Huckabee would have been a much better choice to rally the base. He was proven, he gives a good speech, uses humor effectively, and the press loves him. Even liberals like Bill Maher enjoy bantering with him.
If Palin is the future of the Republican party, it’s doomed.
Palin wildly overestimates her in-party support.
Also, she faces a genuine problem in 2010– her gubernatorial term is up then. If she runs for re-election, Alaskans will know that she has no plans to finish the term, which is likely to erase much of her local goodwill (if she has any remaining by then). If she chooses not to run, she has a really hard time making a case for her Presidential aspirations to donors and national party leadership.
She is worse off than Huckabee, because she hasn’t shown signs of garnering the same level of social-conservative evangelical volunteer support.

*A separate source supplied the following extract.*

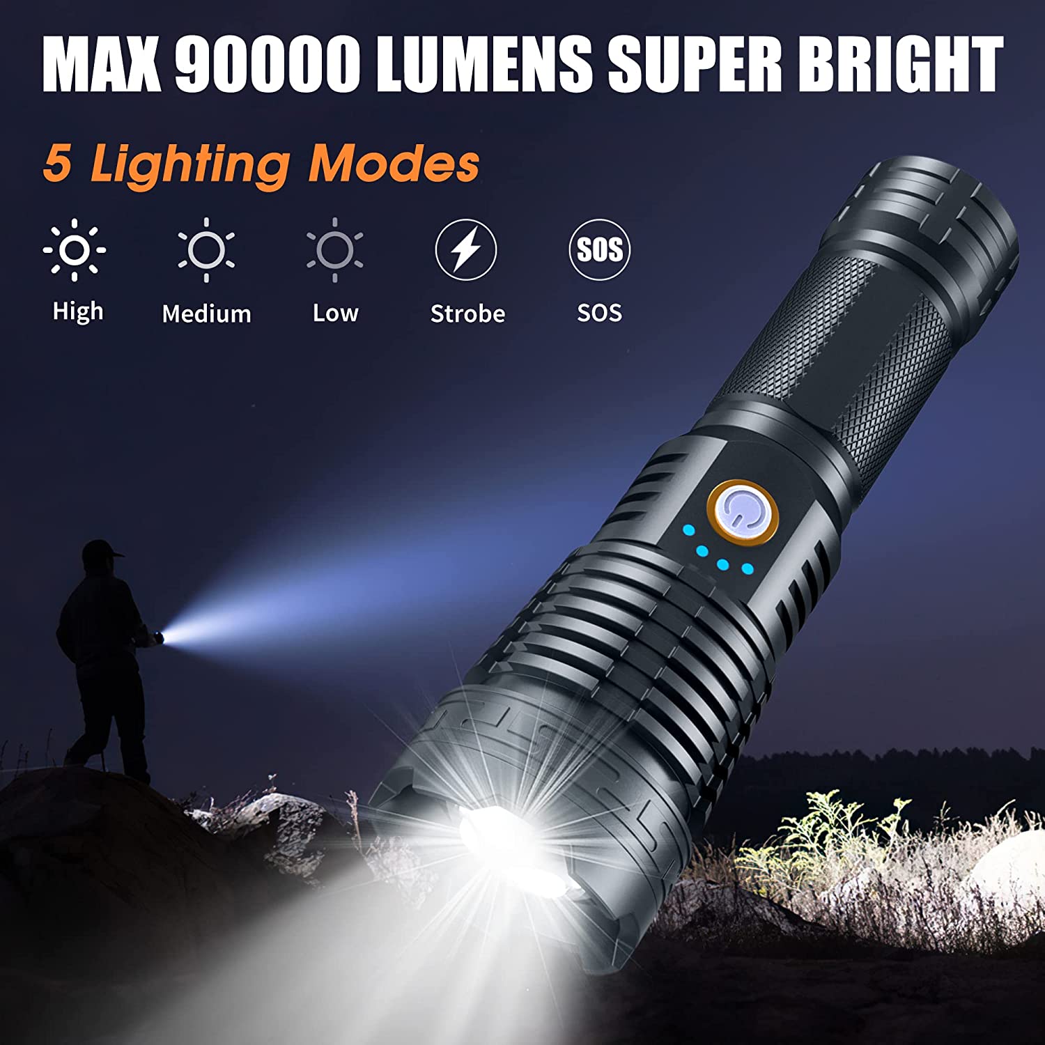 Dsstoc LED Rechargeable Flashlights High Lumens, 90000 Lumens Super Bright Tactical Flashlights with Rechargeable Battery, 5 Modes, Zoomable, IP67 Waterproof Flashlights for Camping Emergencies
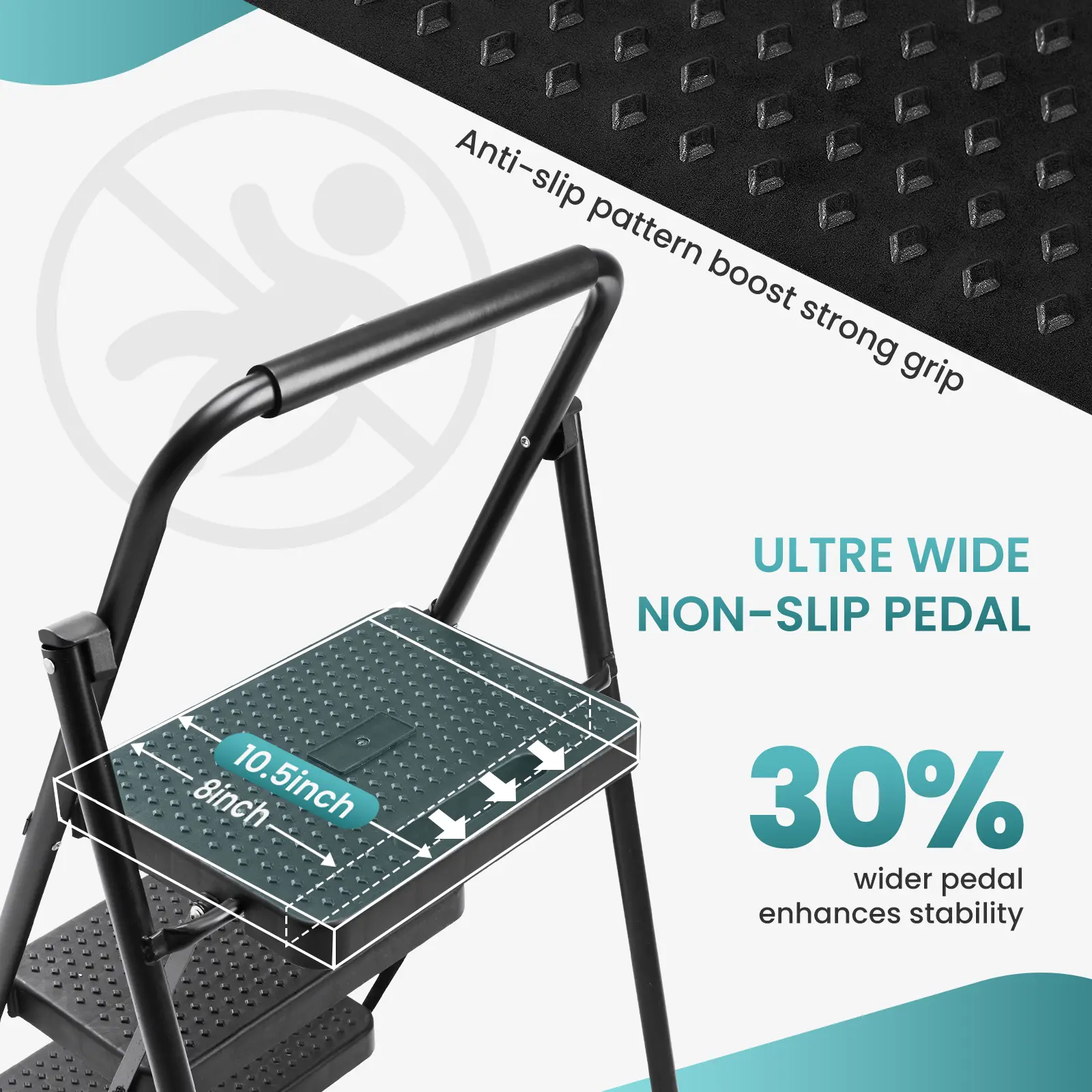 ·【Safe and Secure】:The wide steps can enable standing balance and the non-slip foot mats can ensure safe footing even when used on smooth surfaces.

She has only energised part of the Christian-conservative portion of the base– possibly a majority of it, but still not an overwhelming majority. And since that part of the party is less than 40%, she has at best maybe 25% support within the party– and this is at best, assuming she can stay in office her full term and continues to hold national interest (a very large assumption).
Six months or a year is a very long time in politics, and Palin has set herself up in Alaska for local disaster and national forgetfulness by then.